* Problem details: Below this line is a listing that includes pictures. Copy exactly, and only, the lines from the one containing "dacom手机版是一款搭配使" through the one containing "Gail writes about"; the pictures do not go in the copy.

* Exercise data:
▽

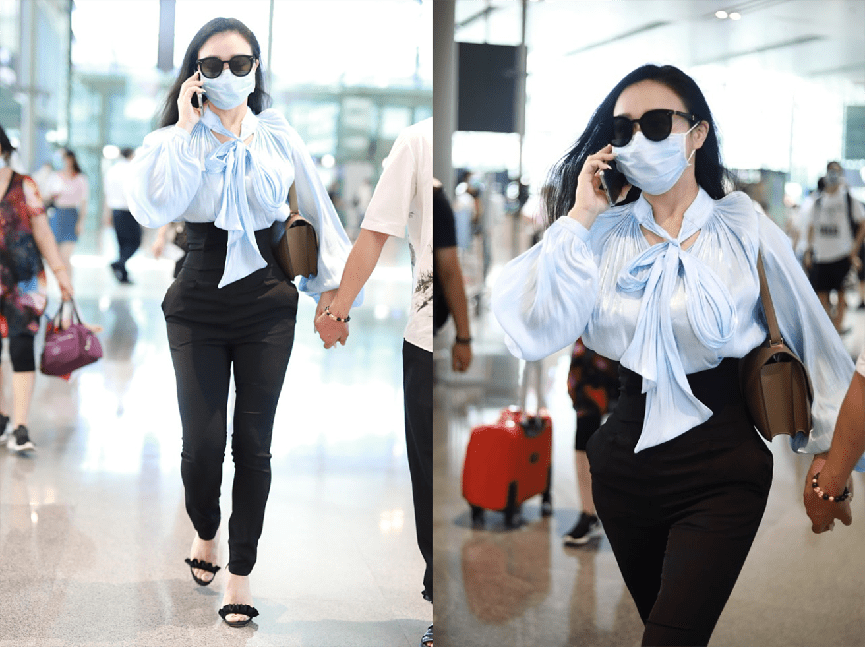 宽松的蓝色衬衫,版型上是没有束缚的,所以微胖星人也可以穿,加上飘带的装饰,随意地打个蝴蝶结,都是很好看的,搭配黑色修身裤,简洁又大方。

△
▽

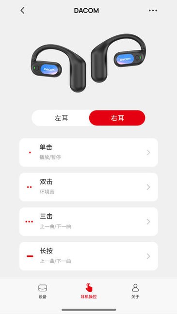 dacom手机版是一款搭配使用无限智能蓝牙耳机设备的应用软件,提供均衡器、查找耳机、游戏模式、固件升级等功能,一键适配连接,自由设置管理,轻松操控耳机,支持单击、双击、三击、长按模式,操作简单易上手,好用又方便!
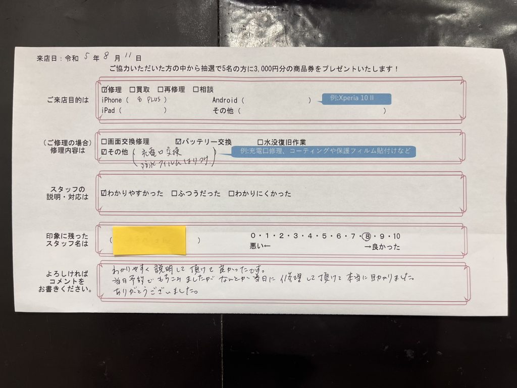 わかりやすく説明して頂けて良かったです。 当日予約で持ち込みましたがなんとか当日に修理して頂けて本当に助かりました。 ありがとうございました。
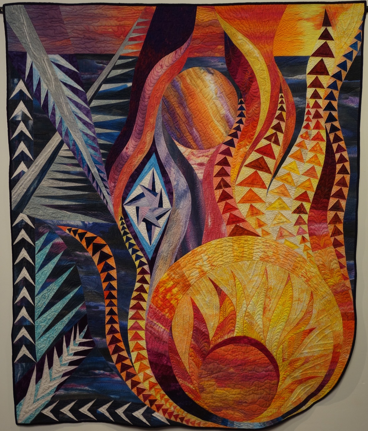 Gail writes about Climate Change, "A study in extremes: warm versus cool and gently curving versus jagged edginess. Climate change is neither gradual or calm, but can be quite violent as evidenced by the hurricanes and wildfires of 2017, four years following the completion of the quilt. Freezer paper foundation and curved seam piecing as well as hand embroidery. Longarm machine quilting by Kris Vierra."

△

* Result of the task:
 dacom手机版是一款搭配使用无限智能蓝牙耳机设备的应用软件,提供均衡器、查找耳机、游戏模式、固件升级等功能,一键适配连接,自由设置管理,轻松操控耳机,支持单击、双击、三击、长按模式,操作简单易上手,好用又方便!
 わかりやすく説明して頂けて良かったです。 当日予約で持ち込みましたがなんとか当日に修理して頂けて本当に助かりました。 ありがとうございました。
 Gail writes about Climate Change, "A study in extremes: warm versus cool and gently curving versus jagged edginess. Climate change is neither gradual or calm, but can be quite violent as evidenced by the hurricanes and wildfires of 2017, four years following the completion of the quilt. Freezer paper foundation and curved seam piecing as well as hand embroidery. Longarm machine quilting by Kris Vierra."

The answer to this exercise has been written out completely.